Dr James Hetherington

Dr James Hetherington

Address

London

Appointments

  • Head of Research Software Development
    RITS Software Development
    ISD Research IT Services
  • Honorary Lecturer
    Dept of Computer Science
    Faculty of Engineering Science

Joined UCL

2011-10-03

Research Themes

A growing proportion of researchers carry out their research through the medium of computer code, whether in traditional programming languages, or in domain specific languages used by modelling platforms. Such research often suffers through the lack of software development best practice within research teams. While postdocs and PhD students often do not have the time, and are not incentivised, to produce high-quality software usable by other researchers and sustainable beyond the lifetime of a project, generic contract software developers are not equipped to understand the academic context of the research.

In order to address this problem, UCL has established a Research Software Development Group, which I lead, staffed by experts combining software development expertise with experience as academic researchers. The team works with research groups across college to further UCL's efforts in computationally-based research. We form long-term in-depth collaborations with research groups in all departments to produce and maintain sustainable research software.

Based on the work of the Research Software Development Group, I research the best ways to create and maintain scientific software. I create libraries and tools to enhance computational research. Well written, readable software, written for humans to read as well as computers to execute, forms an important part of research communications and can deliver significant research impact.

Interests include: Scientific software development. Software as scientific communication. Computable publication. Test driven design. Correctness and quality in scientific computing. Reproducibility, provenance and audit for research software. Domain specific languages. Programmability. Supercomputing. Refactoring. Science as a service. Deployment, stability and systems programming. Configuration management. Continuous integration. Multiscale modelling. Code sharing and reuse.

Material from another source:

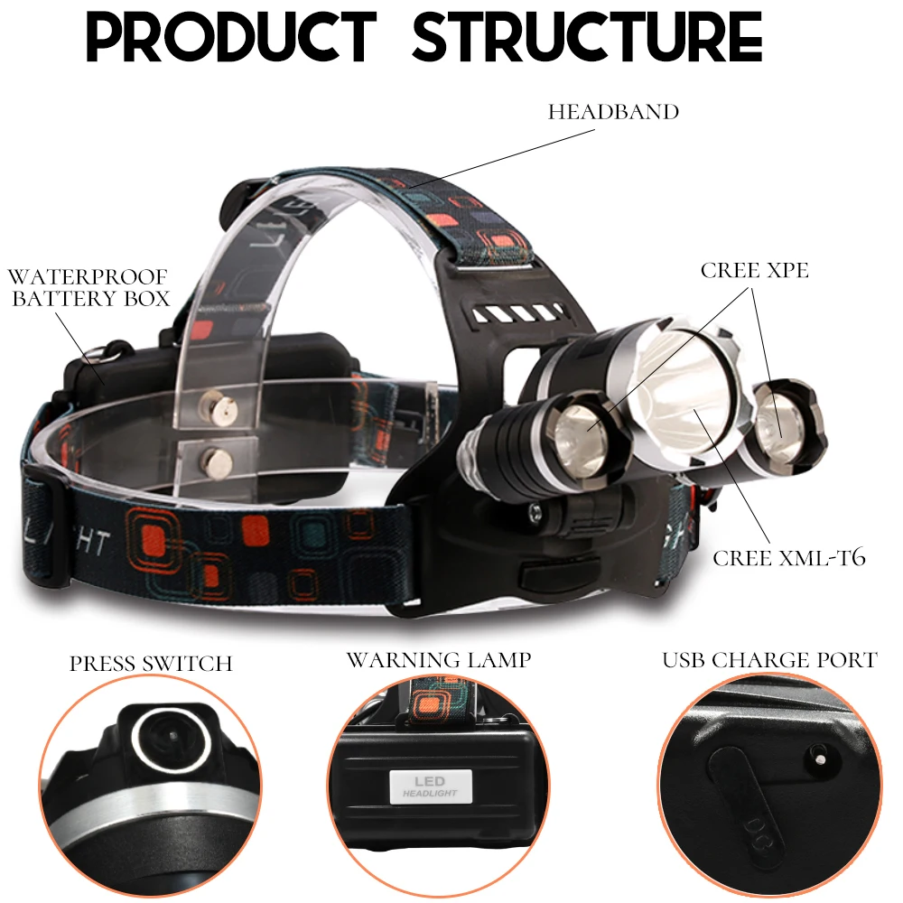 T6 светодиодный головной светильник налобный фонарь лампа светильник 4 режима фонарь

Award year Qualification Institution
2002 PhD
Doctor of Philosophy
Theoretical Physics
University of Cambridge
2000 MSci
Master of Natural Science
Physics
University of Cambridge
1998 BA
Bachelor of Arts
Physics
University of Cambridge
I am a research software engineer, combining the skills and experience of a computational scientist with those of a professional software engineer. As head of UCL’s Research Software Development Group, I work with researchers to produce maintainable, usable, well-tested scientific software that will have a lasting impact.

As a scientific software developer at UCL’s Centre for Computational Science, I worked to bring software engineering best practice into biomedical computational research projects, focusing on high-performance interactive, steerable models and simulations with clinical relevance.

As senior scientific innovator at AMEE UK Limited, I developedsystems to make it easier for organisations to understand their environmental impacts, producing web-based models of carbon footprinting. I conceived, prototyped, and led development and release of AMEE Explorer, winner of a Best of What’s New award in Popular Science Magazine in 2010.


As a senior developer in the Model Management group at the MathWorks I worked on model metadata, on searching for, linking and combining models, on managing the differences between similar models and on workflows for modelling in industrial organisations.


At the DTI Beacon project at the UCL Centre for Mathematics and Physics in the Life Sciences and Experimental Biology (CoMPLEX) I helped to develop a framework for combining models using different biological assumptions, mathematical formalisms, and computational platforms. We used this to build a multi-scale model of glucose homeostasis.


My doctoral work at Cambridge involved the construction of models of the Large Hadron Collider, determining for various proposed fundamental theories whether they can be tested experimentally. I developed a computational platform automating the solution of a broad class of such problems.